An FBI agent and a reclusive psychic team up in an effort to hunt down a serial killer in this supernatural thriller. As the case progresses, the psychic becomes more important to the case than he knows.

What we thought:

It’s sad to see good actors land up in a film they seem to have so little regard for. Solace started out with an interesting idea, but unfortunately inexperienced director Afonso Poyart did not know what to do with the talented cast that was given to him.

A grieving psychic (Anthony Hopkins) is pulled into an FBI investigation where a serial killer (Colin Farrell) targets seemingly random people. Leaving no trace or indication of motive, the killer is leaps ahead of the investigators, leaving behind impossible clues that lead to an elaborate game of cat-and-mouse. 

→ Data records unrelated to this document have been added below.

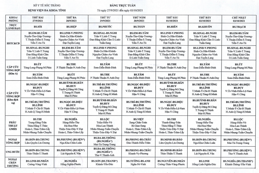 LỊCH TRỰC TUẦN TỪ NGÀY 27/9/2021 ĐẾN NGÀY 03/10/2021
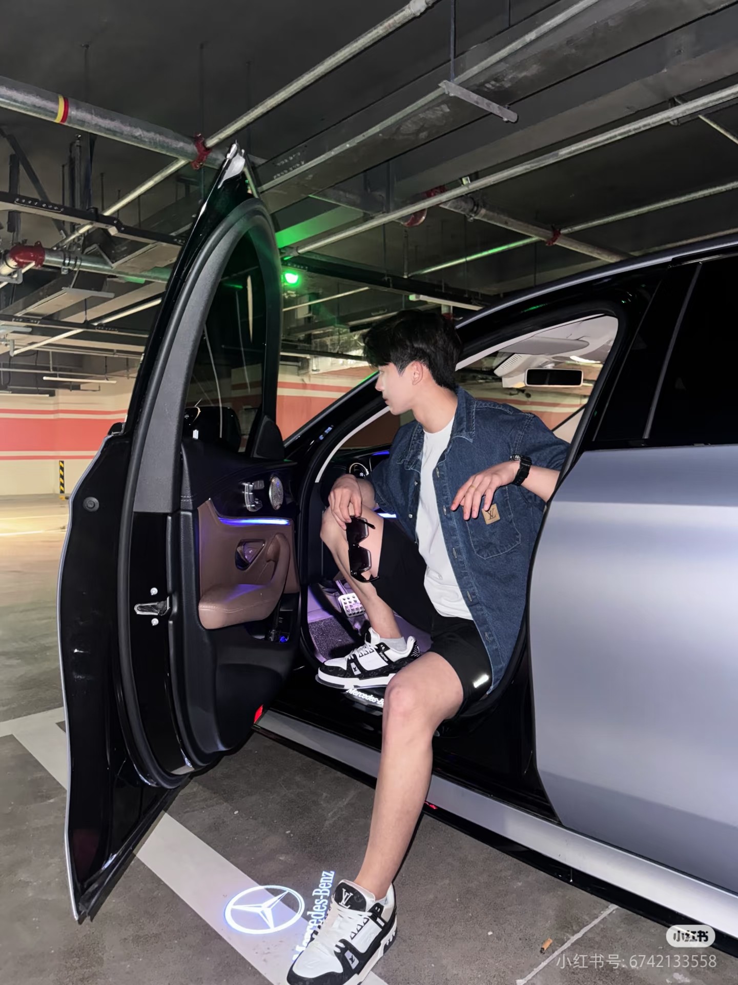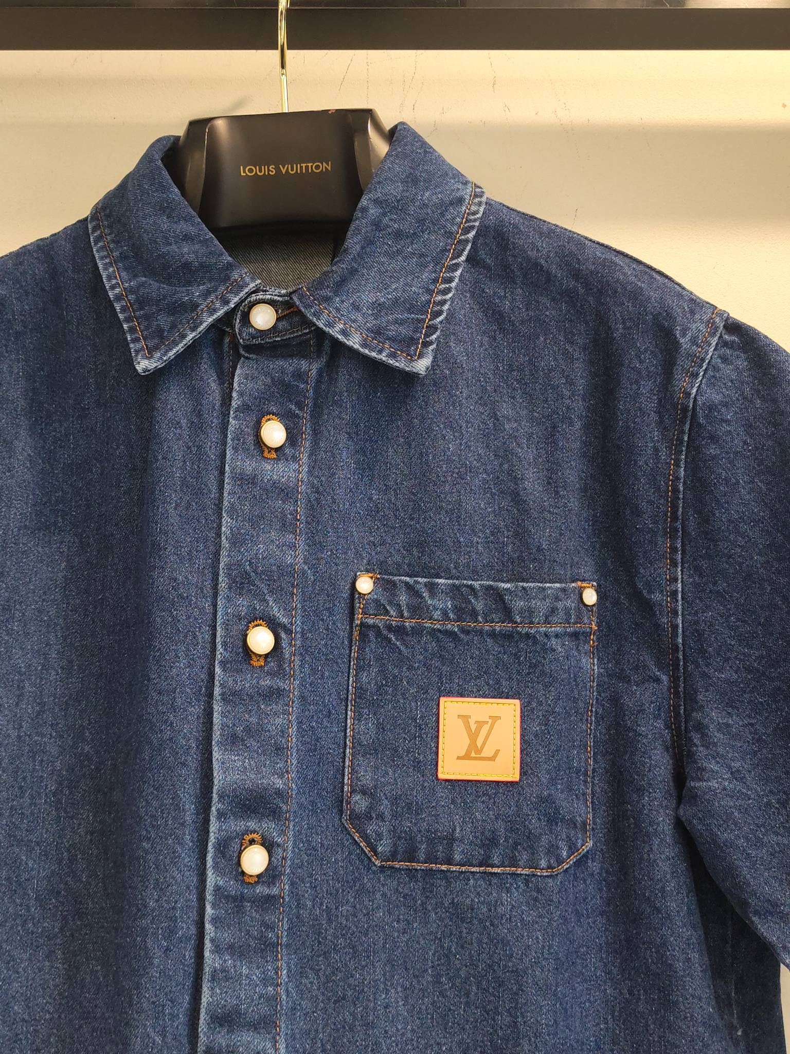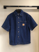 LV 데님 가죽 반팔 티셔츠
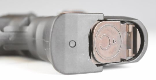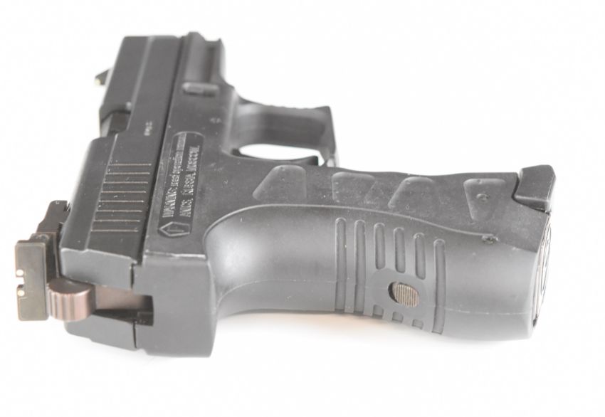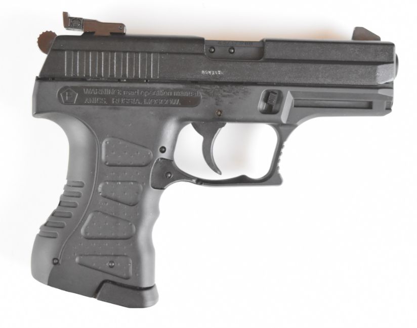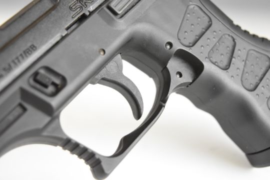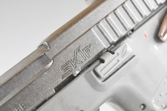 Skif A-3000 .177 COair pistol with two 28 shot magazines, textured composite grip and adjustable sights, serial number 0003335, in wooden box with instructions.

Interestingly, this film was originally written as a sequel to the cult classic Se7en, attempting to replicate the intrigue, elaborate crime scenes and moral debate of a superb film. However, that would-be intrigue was lost on predictable twists and clumsy writing, forcing the development of the plot onto the characters instead of letting it flow naturally. 

The idea of the script was probably what got big names like Hopkins and Farrell on board, but they failed to throw themselves into their roles. Hopkins appeared to be bored throughout most of Solace and struggled to stay connected to the other cast members. The lack of chemistry was deafening and this is a result of a director that was way out of his depth.  Farrell seemed to be doing his own thing, elevating himself above his role and also losing connection with the plot. He needed a strong guiding hand, and Poyart was not up to the task.

The big reveal of the killer’s motivation and how it ties to the psychic was also awkwardly executed, turning its lead into a hypocrite and the killer into a saint. In the right hands, this could have been a riveting turn of events on par with Se7en, but it fell so flat that the audience is left with indifference for the film as a whole.

The film tried to be more than a serial killer movie, asserting moral quandaries about suffering and mercy on the unsuspecting audience, but all the philosophising did was mask the film in a pretentious layer of the director’s ego, like a second year Philosophy student who believes he knows the answers to the universe. Like that student, it becomes annoying fast.

Solace is an unremarkable film that fell foul of inexperience and disinterest, and one should always be weary of films that make it to our shores months after its release in the US. This film is destined for the discount rack at the DVD rental store.